The second purpose of the invention is realized by adopting the following technical scheme:

the detection method of the dynamic observation device based on the time series metagenome data comprises the following steps:

1) sample acquisition: acquiring human intestinal stool samples of the same individual at different time points and corresponding individual basic information; respectively carrying out gene extraction and sequencing on the intestinal flora of each sample, obtaining the intestinal flora information corresponding to each sample by a reference genome comparison and annotation method, and obtaining the relative abundance information of the intestinal flora;

2) preprocessing intestinal flora information: according to the relative abundance information of the intestinal flora obtained in the step 1), carrying out species filtration to screen out low occurrence frequency and low abundance species; after filtering, carrying out normalization processing, converting the data into a wide format data form, and then carrying out normalization processing on each species; finally, filtering the low fluctuation species to obtain candidate colonies to be analyzed;

3) calculating strain similarity: dividing the candidate colonies to be analyzed obtained in the step 2) into two groups, obtaining time sequences of two strains in each group of colonies, and performing stretching on the two sequences by using Dynamic Time Warping (DTW) analysis to obtain a new stretched sequence; then, correlation analysis is carried out on the new sequences by using Pearson to obtain correlation coefficients and corresponding P values of the two new sequences;

4) calculating the correlation of strains and translation time: taking one strain sequence X of the two new sequences obtained in the step 3) as a reference, translating the other strain sequence Y from negative to positive (from left to right) according to a unit time interval, and filling the sequence missing position according to a tail value; performing Correlation analysis by using Temporal Correlation Coefficient (CORT) to obtain a Correlation Coefficient after each translation; taking the Y sequence as a reference, and translating the X sequence to calculate a correlation coefficient; selecting the maximum value of the absolute values in all the correlation coefficients as the correlation degree of the correlation coefficients, wherein the positive and negative values of the corresponding correlation coefficients are the correlation directions, the corresponding translation positions are the translation time of the two sequences, and the positive and negative values indicate the front and back sequence of the two sequences;

5) and (3) calculating the flora interaction relationship: forming a flora interaction relation matrix according to the correlation coefficient of the two bacterial colonies obtained in the step 3) and the correlation coefficient and the translation time between the two bacterial colonies obtained in the step 4); summarizing the P value obtained in the step 3) and the correlation coefficient obtained in the step 4), setting standard values of the P value and the correlation coefficient, and screening out similar and related strain pairs which accord with the standard values to obtain a final flora interaction relationship network;

6) and (3) flora clustering and dimensionality reduction calculation: calculating the distance between every two strains by using a DTW (differential time warping) method based on the Euclidean distance to form a strain distance matrix; clustering the floras by using a hierarchical clustering method by using a strain distance matrix, and selecting a clustering number according to different distances; reducing dimensions by using a strain distance matrix and a principal coordinate axis analysis method to obtain a dimension reduction diagram and coordinate positions of each strain after dimension reduction;

7) the method comprises the following steps of (1) visualizing a flora interaction network and identifying key strains: drawing strain positions on the two-dimensional graph according to the strain positions subjected to dimensionality reduction obtained in the step 6), carrying out annotation distinguishing on strains according to clustering results, and finally drawing an interaction relation network among the strains according to the association strength, the association direction and the front-back sequence; and identifying key strains according to the interaction relationship network.
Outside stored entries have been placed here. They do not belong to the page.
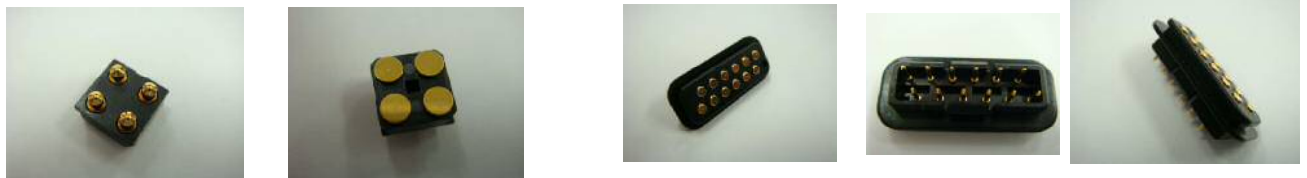
防水コネクタ部品
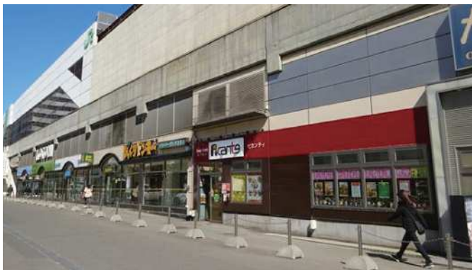
琴似ステーションプラザ (A棟)
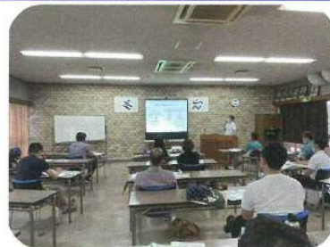
スポーツ・レクリエーション活動リーダー養成講習会
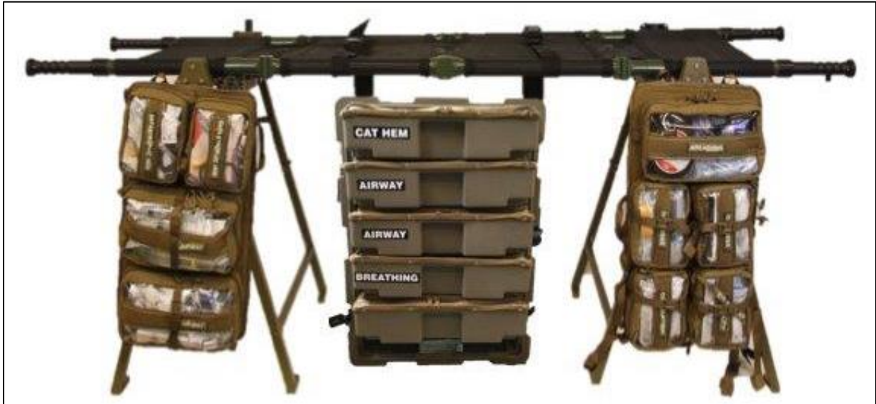
Casualty Sustainment 2 (CS-2) – Patient Treatment Station Polowe Stanowisko Zabiegowe
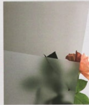
Stopsol grau sandgestrahl (246)
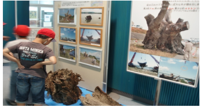
1F館内展示物見学(巨大流木引き上げ)平成24年8月3日に紀の川大堰上流で引き上げられた幹回り12mの巨大流木写真を見入る
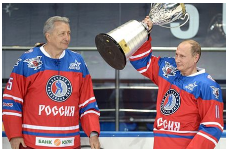
Опытный взгляд заметит нюанс, появившийся после 2015 года.

Доступ к неограниченной рекламе на федеральных каналах является уделом избранных и доступ был предоставлен в полном объеме.
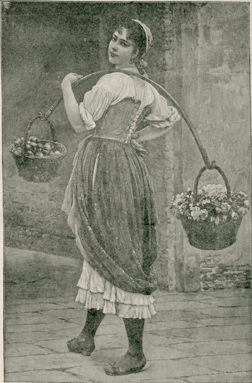
صنایع نفیسه‌دن نابلو : چیچکلر ، میشلر !

برینک عناصر اصلیه‌سنی تنوع ایله وحدتک امتزاجنده کورور .
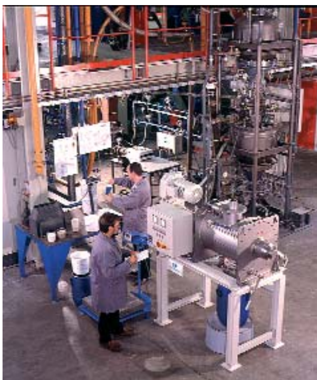
Sistema de testes de mistura no Centro Técnico

Nosso misturador de laboratório é projetado com um volume bruto de 3 litros, facilitando diferentes aplicações em ciência, tecnologia e teste de materiais. Nosso misturador de testes, com volume bruto de 140 litros, é ideal para desenvolver novos produtos com garantia de qualidade. Testes preliminares com estes equipamentos fornecem dados aplicáveis ao seu produto, evitando decisões incorretas.
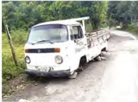
Os veículos recolhidos em Caraguatatuba aguardam para ir a leilão

Segundo a Secretaria de Mobilidade, no ano passado foram registradas cerca de 340 demandas, das quais 150 se transformaram em recolha ao pátio credenciado que fica no Tinga, na região central. O restante, os proprietários retiraram os veículos dos locais onde estavam há mais de 15 dias. Esses veículos aguardam para ir a leilão.
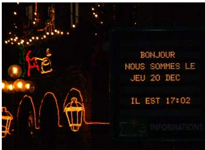
La mairie illuminée et le panneau près de l'église

Deux panneaux informatique modernes en centre ville et deux défilantes au stade Marcel Dhordain et à la Salle Polyvalente.
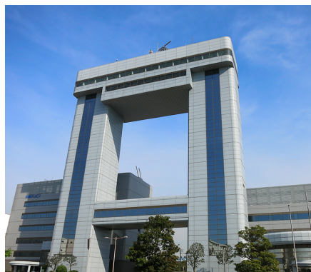
かわさき 川崎マリエン (川崎市川崎区)
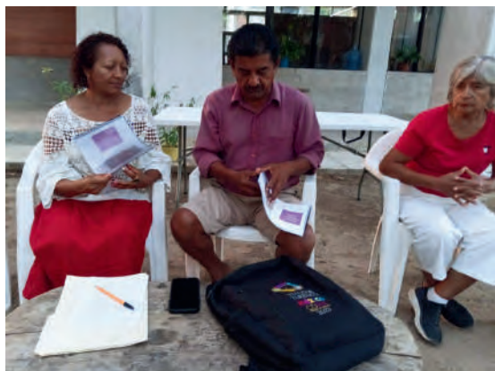
Reunión con la Cooperativa del Monte y el Consejo Histórico . 18/03/2025

En coordinación con la Cooperativa Cruz del Monte y el Consejo Histórico de Santa María Huatulco , llevamos a cabo una reunión para discutir diversos proyectos comunitarios para impulsar la cultura local. Durante este encuentro, visitamos la primera escuela primaria que, conforme a lo planeado, se espera sea la primer escuela trilingüe con el estudio del español, inglés y zapoteco.

Further, in the step 1), the time point is more than or equal to 4. Metagenomic sequencing platforms and procedures can vary, but species relative abundance information needs to be obtained.

Still further, in step 2), the sum of the relative abundances of all species at all levels in each sample is 100%; the low-frequency species are strains appearing in 5% of samples, and the low-abundance species are the species with the 90 th percentile smaller than 1 in all samples of the species; after filtering, carrying out normalization treatment, and converting the relative abundance information matrix of the intestinal flora into a wide format data form, namely, each row represents one species, each column is a time point, and the columns are ordered according to the time sequence; then, each species is subjected to standardization treatment; low fluctuation species, i.e. species with a standard deviation of 0, are removed.

Further, in the step 3), selecting time sequences of two strains to be analyzed, and analyzing the distance and the path between the two strain sequences by using DTW (delay tolerant W); and (5) visually displaying the sequence similarity degree and the similarity direction. Stretching the two strain sequences according to the path, filling abundance information according to the stretched position, and obtaining a new stretched sequence; the correlation coefficients are the similarity coefficient, the similarity magnitude and the similarity direction.

Further, in step 4), since the correlation is asymmetric, one of the two sequences is required to be used as a reference, the other sequence is translated, the translation corresponds to one correlation coefficient once, and the maximum value of the absolute values in all the correlation coefficients is selected as the correlation degree of the two correlation coefficients; the number of translations ═ (length of translation sequence time-3) × 2+1, the translation sequence retains 3 original time points; the sequence does not translate, namely the original position is 0, the leftward translation takes a negative value, the rightward translation takes a positive value; the maximum value of the correlation coefficient corresponds to translation time, namely translation time of the two sequences, the translation time is 0, and the reference sequence and the translation sequence do not have a front-back sequence; the translation time is a negative value, which indicates that the reference sequence appears first and the translation sequence appears later; the shift time is positive, indicating that the shift sequence occurs first and the reference sequence occurs later.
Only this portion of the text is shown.